MOSCOW, November 14 (RIA Novosti) – Russia’s education minister on Thursday ordered an investigation following complaints about massive layoffs at the country’s most venerable and respected university.
As of Monday, 46 employees of the Lomonosov Moscow State University had signed up to an open appeal to President Vladimir Putin, who is also the chairman of the university’s board of trustees, asking him to stop the ongoing staff reduction.
The authors of the appeal, most whom work in the university’s natural sciences departments, say jobs are being cut to comply with a recent presidential decree to raise lecturers’ salaries.
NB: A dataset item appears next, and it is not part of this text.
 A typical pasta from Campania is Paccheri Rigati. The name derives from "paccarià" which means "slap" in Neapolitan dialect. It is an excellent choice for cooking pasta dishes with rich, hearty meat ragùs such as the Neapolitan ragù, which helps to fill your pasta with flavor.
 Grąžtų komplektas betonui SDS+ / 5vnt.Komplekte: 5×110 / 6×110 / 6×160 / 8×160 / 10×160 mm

In line with the initiative, MSU Rector Viktor Sadovnichy has issued an order to raise average monthly salaries up to around 65,000 rubles ($2,000) this year.
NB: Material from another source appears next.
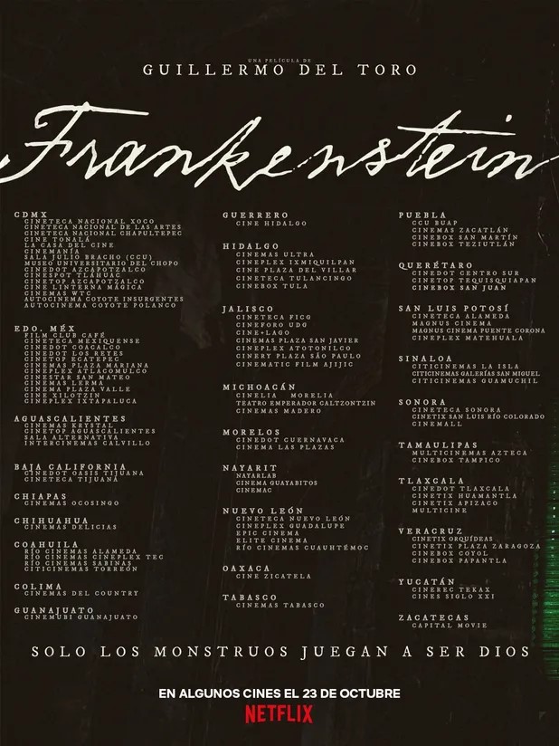 El director mexicano Guillermo del Toro alista el estreno de uno de sus proyectos más esperados: su adaptación cinematográfica de “Frankenstein“, basada en la novela clásica de Mary Shelley. La película tendrá un preestreno en cines seleccionados el próximo 23 de octubre, antes de su lanzamiento oficial en Netflix el 7 de noviembre.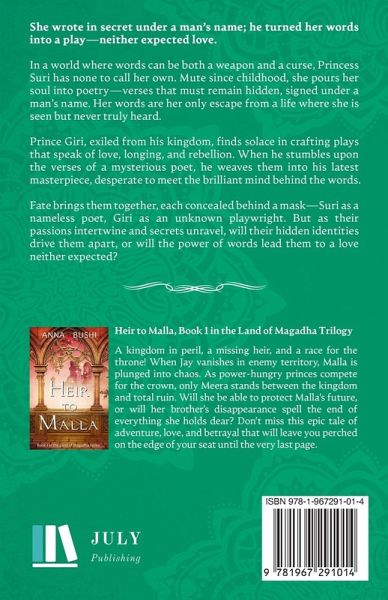 She wrote in secret under a man's name; he turned her words into a play-neither expected love. In a world where words can be both a weapon and a curse, Princess Suri has none to call her own. Mute since childhood, she pours her soul into poetry-verses that must remain hidden, signed under a man's name. Her words are her only escape from a life where she is seen but never truly heard. Prince Giri, exiled from his kingdom, finds solace in crafting plays that speak of love, longing, and rebellion. When he stumbles upon the verses of a mysterious poet, he weaves them into his latest masterpiece, desperate to meet the brilliant mind behind the words. Fate brings them together, each concealed behind a mask-Suri as a nameless poet, Giri as an unknown playwright. But as their passions intertwine and secrets unravel, will their hidden identities drive them apart, or will the power of words lead them to a love neither expected?

“The government has obliged Moscow University to raise the average salary of its employees, but has failed to provide sufficient funding for the purpose,” the appeal reads. “The MSU has no other way to raise salaries to the intended level but to lay off its scientists and lecturers.”
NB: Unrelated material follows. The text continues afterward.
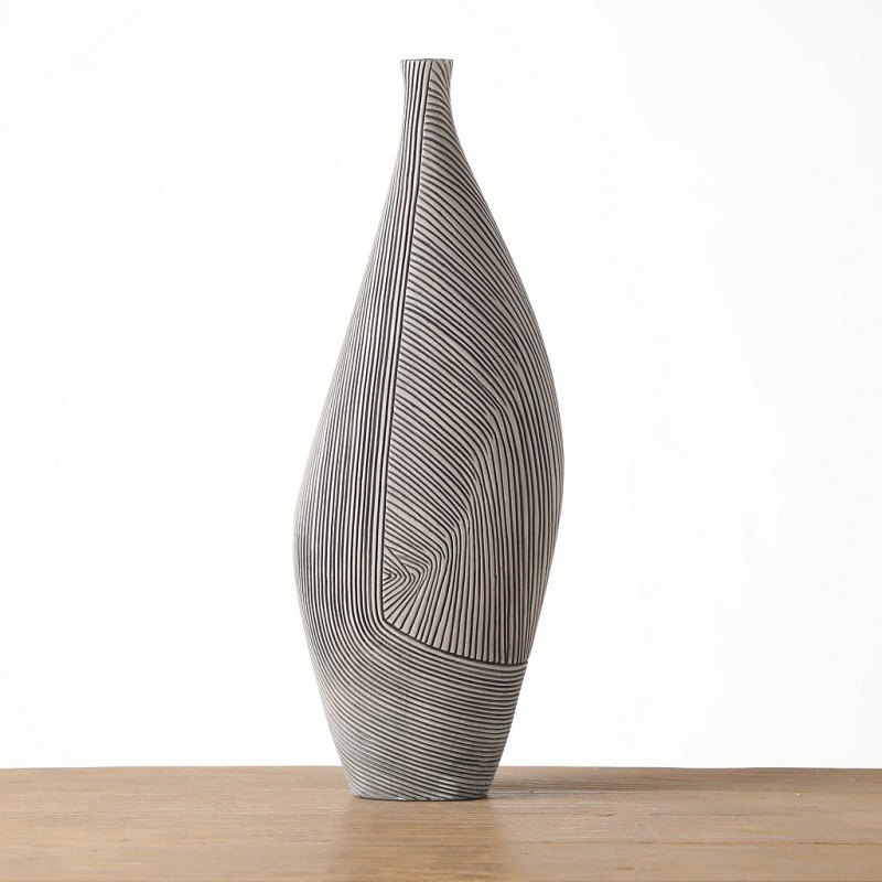 Βάζο ανάγλυφο polyresin σε γκρι χρώμα από την ESPIEL - Διαστάσεις: 19x11x51εκ.

Science and Education Minister Dmitry Livanov said the appeal was incorrect in its assessment.
“MSU, just like other Russian universities, has received additional funding to raise salaries,” Livanov said Thursday.
“I instructed [the education watchdog] to look into this situation and work out what is happening and whether the rights of those lecturers are being violated,” the minister said.
Sadovnichy dismissed the appeal as nonsense and said he had no information that any full-time employees at the university had been fired.
Moscow State University was founded in 1755 and is believed to be the country’s oldest university. It was named after its founder, scientist Mikhail Lomonosov, by Soviet authorities in 1940.